Wyndham, by billing one half of the charge every year, was dramatically under charging such a Member. All Wyndham owners, when they think about it, should agree that the Board of Directors would have been acting reasonably by increasing the Program Fee for such a Member so that the Member would be paying at least the minimum Program Fee each and every year. But the Board by going after every Biennial Contract that has or will be sold has exceeded what is reasonable.    

Going forward, in my humble opinion, it is reasonable to charge $88.12 each and every year or the fixed rate of $.57 per thousand points each and every year when a non-Plus Partners Member owns just one Biennial or just one Annual contract.  

Charging the minimum each year as per the Trust Agreement is fair to the Wyndham owner who does not own enough points to be paying more than the minimum every year. 

Meanwhile, any Member who has Plus Partners and owns a SINGLE Biennial or a SINGLE Annual contract and no other contract also should have to pay at least the minimum Program Fee for that contract.  If the Contract Point Value is 154,000 points the Member should be paying at least $106.26 every year or the Minimum Program Fee of $107.08 every year. 
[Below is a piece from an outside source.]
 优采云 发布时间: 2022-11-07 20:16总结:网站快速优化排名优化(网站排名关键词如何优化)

Anyone who owns a different size Biennial contract than the one described above and anyone who owns a single Annual contract should also be paying at least the appropriate minimum Program Fee every year.

However, once a Member’s Total Account disburses at least the number of points to cause the MINIMUM PROGRAM FEE to be exceeded each and every year that Member should not pay double the PROGRAM FEE for each and every Biennial Contract that the Member owns.
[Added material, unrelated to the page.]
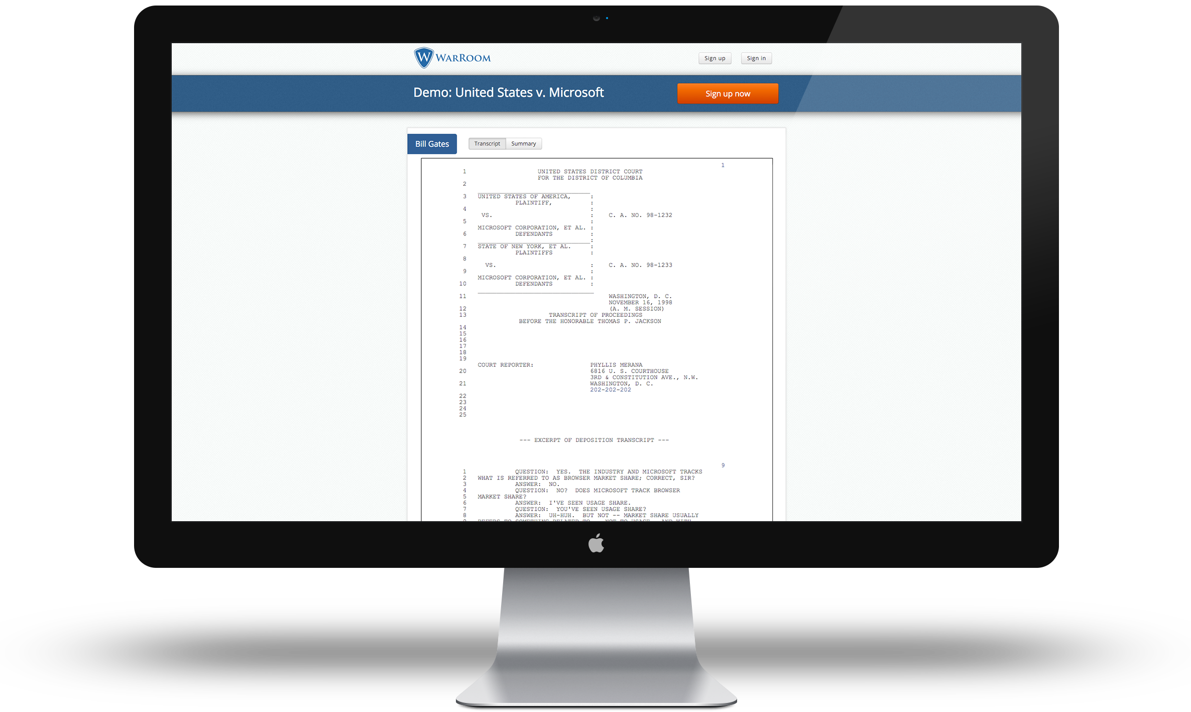With a focus on ease-of-use, we built a web-based platform with a dead simple way to upload your case documents and start annotating. The search and transcript annotation features help lawyers save time when looking to recall specific pieces of testimony that might be relevant during the trial. Being able to group information by topic is a powerful way to cross-reference crucial evidence and uncover key case insights.

The appropriate correction and the correction that yours trully would recommend to the Wyndham Board of Directors is a correction that eliminates the short fall in Program Fee income by simply following the rules as stated in the Club Wyndham Plus Trust Agreement and Accompanying Documents. 
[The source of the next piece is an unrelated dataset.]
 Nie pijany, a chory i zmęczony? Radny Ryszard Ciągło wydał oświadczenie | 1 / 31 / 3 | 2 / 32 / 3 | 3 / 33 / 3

The Board of Directors should ask the “service teams” to program the appropriate software so that it does NOT double the Program Fee for each and every Biennial contract but does charge each and every Member at least the appropriate MINIMUM PROGRAM FEE each and every year.


----------



## rrlongwell (Jan 28, 2011)

It is my understanding that all BBB complaints against Wyndham Vacation Resorts and Wyndham Vacation Ownership go to the Central Flordia BBB.  I checked Wyndham Vacation Ownership's current BBB rating and found the following.  From the stats below, it appears Wyndham does resolve complaint filed against them in this forum.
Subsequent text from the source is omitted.